Parliament of South Africa
- Long title Act to amend the Constitution of the Republic of South Africa, 1996, so as to recognise South African Sign Language as one of the official languages of the Republic; and to provide for matters incidental thereto. ;
- Passed by: National Assembly
- Passed: 2 May 2023
- Assented to: 19 July 2023
- Commenced: 26 June 2026

Legislative history
- Bill title: Constitution Eighteenth Amendment Bill
- Bill citation: B1—2023
- Introduced by: Ronald Lamola, Minister of Justice and Constitutional Development
- Introduced: 11 January 2023

Amends
- Constitution of the Republic of South Africa, 1996

= Eighteenth Amendment of the Constitution of South Africa =

2023 South African constitutional amendment

The Eighteenth Amendment of the Constitution of South Africa (formally the Constitution Eighteenth Amendment Act of 2023) made South African Sign Language an official language of South Africa.

The bill for the amendment was introduced in the National Assembly on 11 January 2023 by Ronald Lamola, the Minister of Justice and Constitutional Development.
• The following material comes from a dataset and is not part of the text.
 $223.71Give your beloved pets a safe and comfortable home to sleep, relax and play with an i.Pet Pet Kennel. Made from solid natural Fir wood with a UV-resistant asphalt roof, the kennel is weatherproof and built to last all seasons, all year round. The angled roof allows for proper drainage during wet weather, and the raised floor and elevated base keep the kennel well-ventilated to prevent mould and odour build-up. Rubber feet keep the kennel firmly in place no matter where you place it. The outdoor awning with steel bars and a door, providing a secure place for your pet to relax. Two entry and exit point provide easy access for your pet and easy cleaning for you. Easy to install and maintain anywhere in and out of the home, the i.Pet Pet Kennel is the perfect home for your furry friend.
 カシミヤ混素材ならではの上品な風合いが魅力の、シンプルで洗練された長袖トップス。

It was adopted unanimously by the assembly on 2 May, and signed by President Cyril Ramaphosa on 19 July of the same year. It came into force on 26 June 2026 when a presidential proclamation to that effect was published in the Government Gazette.

== History ==
The 1993 Interim Constitution did not mention South African Sign Language at all.
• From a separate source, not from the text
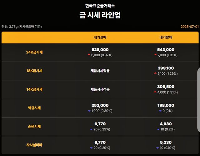 순금(24K) : 매입가 62만 7000원 / 매도가 54만 2000원

The South African National Deaf Association made a formal request to the Pan South African Language Board for South African Sign Language to become an official language in 1996.
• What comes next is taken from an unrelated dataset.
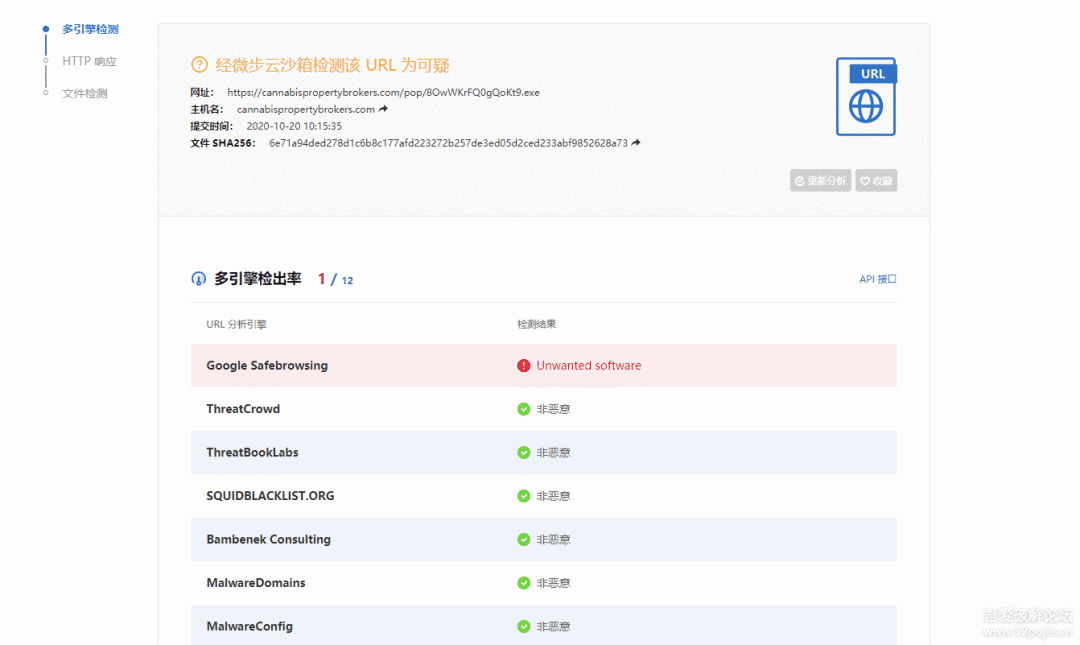 将提取的url到微步上查询,微步被标记为了可疑状态,但是只有Google的检测出来

In February 2020, the President announced the government's intention to recognise South African Sign Language as the twelfth official language. The National Assembly gave its approval on 2 May 2023. The law was given assent on 19 July 2023. On 19 July 2022, the Minister of Justice and Correctional Services published the draft bill for comment. In 2025, the Pan South African Language Board (PanSALB) criticised the lack of readiness among state institutions to meet the requirements under the amendment.